There are numerous reasons as to why despite RBI efforts, banking system liquidity has reduced significantly. One of the pressing reasons for this reaction would be the issue of advance tax payments, that is, businesses have made sizable amounts of tax payments which reduced the cash in circulation within the banking system. Another major factor is the RBI’s regular interventions in the foreign exchange market. Recently, the RBI sold U.S. dollars to stabilize the rupee which then led to the erosion of rupee liquidity in the near term with crossing new lows multiple times reaching Rs. 86.51 to a dollar this tuesday (31st, December, 2024). Furthermore, the factor that influenced banking system liquidity is the festive spending season which led to increased cash withdrawals by individuals, decreasing the deposits held with banks. This type of seasonal demand is typical but can put stress on liquidity during peak times. Another factor linked to liquidity crunch is the decline of currency in circulation in the economy, which increased to more than Rs. 500 billion in 2024 which further limited the available funds with banks.
The liquidity shortfall comes after many fluctuations in liquidity in the past one year. The RBI addressed this deficit by way of policy actions which included a 50 basis point cut in the CRR to 4% from 4.5% in December which injected around Rs. 1.16 lakh crore but this is not enough to offset the cash withdrawals and interventions. This CRR requirement came into implementation in two tranches of equal basis points, one from 14th December and 28th December.
Despites the liquidity shortfalls, RBI utilized variable repo rate (VRR) auctions to stabilize borrowing costs close to policy repo rate. During the month of December, average call rate has been around 6.55% which happens to be just 5 basis points above the repo rate. On the other hand, experts have stated managing call rates through VRR auctions is only a temporary solution in handling liquidity in the economy.

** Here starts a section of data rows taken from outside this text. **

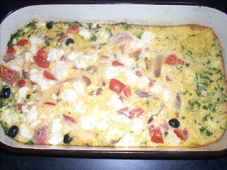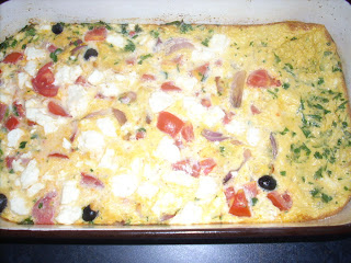 Előmelegítjük a sütőt. Felverjük a tojásokat egy tálban a petrezselyemmel együtt. Nagy serpenyőben felforrósítjuk az olajat, beletesszük a hagymacikkeket. 4 percig nagy lángon sütjük, amíg a széle barnulni nem kezd. Adjuk hozzá a paradicsomot, az olajbogyót és süssük további 2 percig. Vegyük kisebbre a lángot és öntsük a serpenyőbe a felvert tojást. Süssük kb. 2 percig, amíg elkezd szilárdulni, majd morzsoljuk rá a feta sajtot.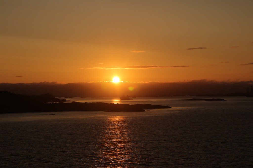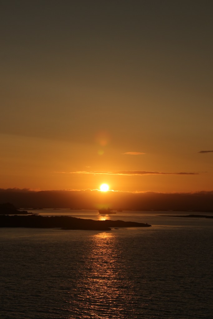 Für heute hatten wir uns einiges vorgenommen und so klingelte der Wecker recht früh. Hätte er aber gar nicht müssen, denn vor uns eröffnete sich das Fjord von Stavanger und ein traumhafter Sonnenaufgang, bei herrlichsten Wetter, küsste uns wach. Der Kapitän begrüßte uns nahezu persönlich über die Lautsprecher und unterstrich nochmal, dass blauer Himmel, Sonnenschein wie heute nicht ganz das typisch zu erwartende Wetter in Stavanger ist. Tja, wir hatten schönes Wetter gebucht und unsere Mission „Abenteuer“ schien auch vom Wettergott abgesegnet zu sein.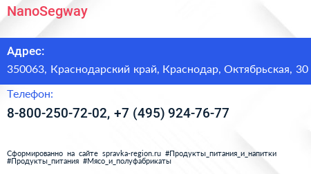 NanoSegway по адресу 350063, Краснодарский край, Краснодар, Октябрьская, 30 в дальнейшем Организация, размещена в следующих категориях:
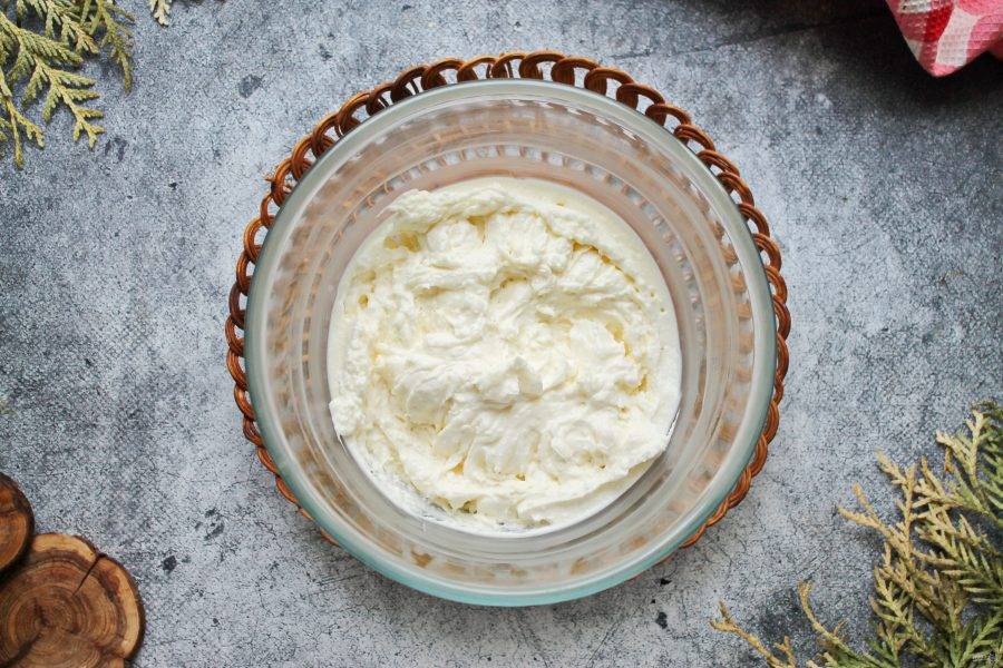 В миску выложите творожный сыр, сахарную пудру, влейте сливки и взбейте в пышный крем.

While commenting on the liquidity issue, Siddhartha Sanyal, chief economist at Bandhan Bank, stated that for the situation to improve, government spending should increase significantly in Q4. Further, the CRR requirement rate cut would also impact liquidity in a positive manner. In the near term it would be important to meticulously eye the trends in USD-INR and the near possibility of RBI intervention in the foreign exchange market which is possible in upcoming weeks/months.
Coming to the journey of rupee so far this year, rupee’s trajectory has been weakening from the past few months, with rupee slipping below record lows at numerous occasions. Furthermore, India’s foreign exchange reserves have depleted by almost USD 60 million by 20th December, 2024 which shows RBI continuous intervention in the foreign exchange market.
Additionally, to counter persistent liquidity crunch in the banking system, RBI has already hinted on further rate cuts in the first half of 2025. Market experts have stated that liquidity deficit can affect the credit flow which limits the impact of any further rate reductions. Another tool the RBI could employ to ease the liquidity is the Open Market Operations (OMO). RBI could do this by announcing the open market bond purchases which would further induce liquidity directly into the economy by way of government bond issuance. Looking ahead, market participants expect spending to expand by about ₹1 billion from January to March 2025. This increase in demand will be driven by other sources, inflation and other monetary factors are involved and thus the demand for funds may increase, whereby the liquidity of the system becomes tight again.
In conclusion, the deficit in the Indian banking system by December 2024 is a significant development, which means that sustainable measures are needed to ensure liquidity in the coming months, though RBI has already taken steps to address the issue, including reducing CRR and variable rate repo auctions. The idea is to stabilize the monetary environment by implementing innovative measures such as market bond purchases and further reductions in CRR necessary as the monetary system faces ongoing pressures from financial flows, currency circulation and foreign currency intervention, therefore to ensure access to funds appropriate, it will be critical to the successful delivery of monetary policy and overall financial health.